Тенденции политического размежевания среди интеллигенции, наблюдавшиеся уже сразу за Февралём, получили дальнейшее развитие после Октября и во многом наполнились иным конкретным содержанием. Если раньше главными объектами идейно-политической борьбы были двоевластие, война и мир, аграрная проблема, и у сторонников разных точек зрения было много сторонников, то теперь водораздел прошёл между подавляющим большинством противников советской власти и ничтожным числом её сторонников. Но явное количественное преимущество первых нейтрализовалось целым рядом других факторов —склонностью значительной части интеллигенции к компромиссу, отсутствием опыта жёсткого коллективного противостояния, но прежде всего решительностью и фанатичной энергией большевиков, их довольно гибкой тактики, сочетающей применение силового давления и репрессий с соблазнами гигантских перспектив в будущем.

При рассмотрении соотношения мировоззренческих и сугубо практических мотивов при определении своего отношения к установлению власти советов было выявлено, что какой-то чёткой взаимозависимости здесь установить трудно, что в каждом отдельном случае определяющую роль могли играть и те и другие.

Наконец, из проведённого исследования следует, что именно интеллигенция, а не буржуазия и помещики, первой попыталась оказать сопротивление захвату власти большевиками, прибегнув к его самым разнообразным формам. Это была и эпизодическая вооружённая борьба юнкеров и «белой гвардии» (студентов и гимназистов), и отказ некоторых чиновников, служащих и инженерно-технических работников иметь дело с советскими комиссарами, и массовая (но не ставшая всеобщей) забастовка учителей и врачей. А самым острым оружием её в этой борьбе оставалось публичное слово. И тем не менее сопротивление интеллигенции, названное большевиками саботажем, было обречено на поражение и в силу идейно-политической раздробленности и организационной слабости, и в силу проявленной большевиками безоглядной решимости и воли в завоевании и укреплении власти, и в силу отсутствия должной поддержки со стороны буржуазии, и, наконец, в силу того, что обожествляемый интеллигенцией народ видел в ней не пример для подражания, а нечто враждебное себе.
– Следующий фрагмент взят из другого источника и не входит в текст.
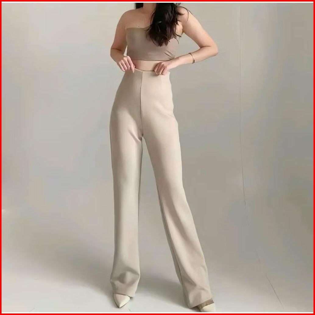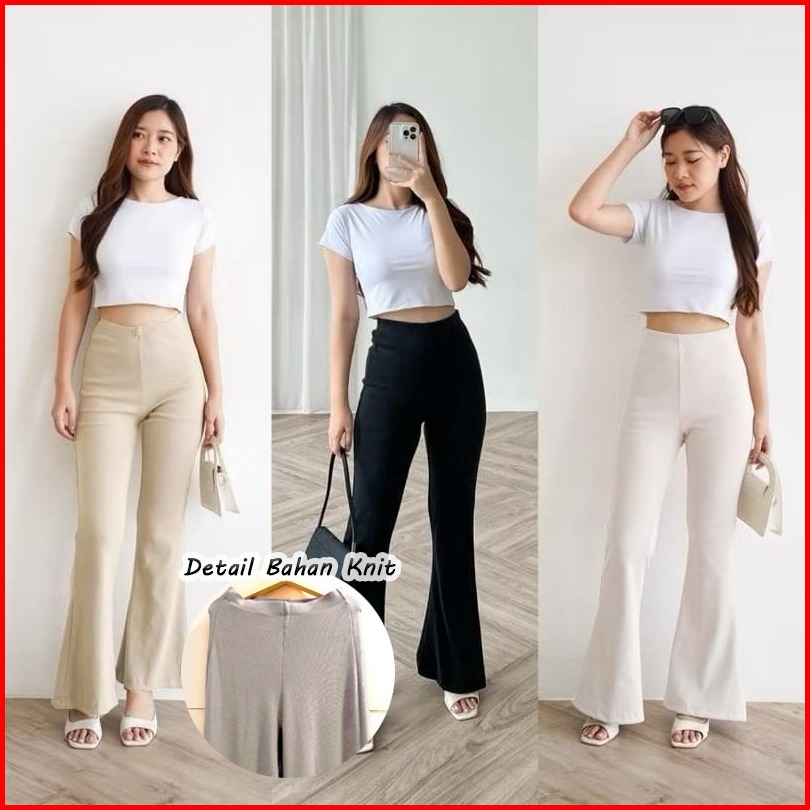 Flared Pants Rib Knit Kulot Cutbray - Celana Kulot Wanita Bahan Knit Anti Kusut Celana Panjang Wanita
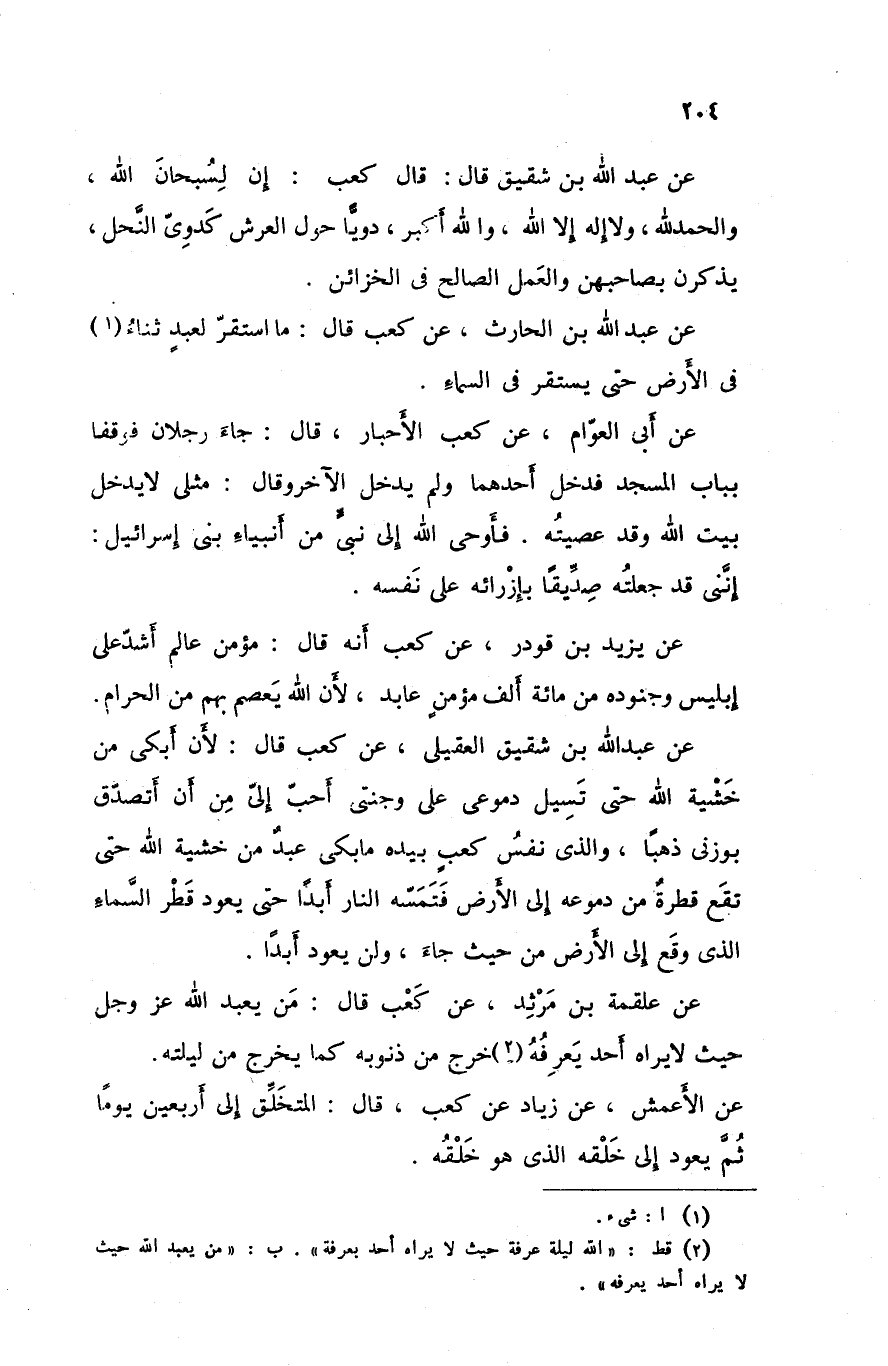 عن عبد الله بن شقيق العقيلي عن كعب قال لأن أبكي من خشية الله حتى تسيل دموعي على وجنتي أحب إلي من أن أتصدق بوزني ذهبا والذي نفس كعب بيده ما بكى عبد من خشية الله حتى تقع قطرة من دموعه إلى الأرض فتمسه النار أبدا حتى يعود قطر السماء الذي وقع إلى الأرض من حيث جاء ولن يعود أبدا

Так что интеллигенции ничего другого не оставалось кроме словесного выражения своей неприязни к тем, кто, полагала она, лишил её плодов славной Февральской революции. Пока это ещё худо-бедно можно было делать публично, она это делала. Но чем дальше, тем больше советские руководители ограничивали свободу слова и собраний. Так что пользоваться такой возможностью ей оставалось не так уж и долго. И приходилось или покидать родные места и уезжать туда, где казалось сытнее и свободнее, то есть где не было советской власти, или начать привыкать к молчанию, а то и того хуже — к несвойственному ей даже в дореволюционные времена угодничеству и подхалимажу, или ждать спасения от вчерашних враговнемцев.

Пошедших на сотрудничество с советской властью в первые же дни её существования, было, повторяем, не так уж и много. В любом случае они выглядели явным меньшинством по сравнению с её противниками. Ещё меньше среди них было искренних приверженцев мировой социальной революции, особенно в её ленинском, большевистском истолковании. Но в их числе были и яркие, выдающиеся фигуры, которые придавали диктатуре пролетариата определённый культурный флёр и даже ореол.

Довольно интересные наблюдения и выводы некоторые философы, историки и писатели сумели сделать уже в конце 1917 и начале 1918 года, когда только началось осмысление причин, хода и последствий революции, а также роли во всём этом интеллигенции.

Так, В. Розанов всю вину за то, что «Русь слиняла в два дня», возлагал на интеллигенцию, точнее на литераторов, которые писали, как замужняя женщина любит не мужа, а другого, но не научили первобытны народ нужным ремёслам, не научили его уважать свой и чужой труд.

Параллельно с этим Н. Устрялов стал склоняться к признанию того, что большевистская стадия русской революции «истинно народна», стихийна, что в ней проявились подлинность и закономерности, свойственные народному бунту, что сам большевизм порождён интеллигенцией, но бессознательно подхвачен народом, в результате чего на авансцену вышло немало национальных типов, известных из русской литературы. Ленина и Троцкого он — считал подлинно русскими интеллигентами, и хотя признавал их программу бредовой, но призывал признать, что в бреду находится больная Россия.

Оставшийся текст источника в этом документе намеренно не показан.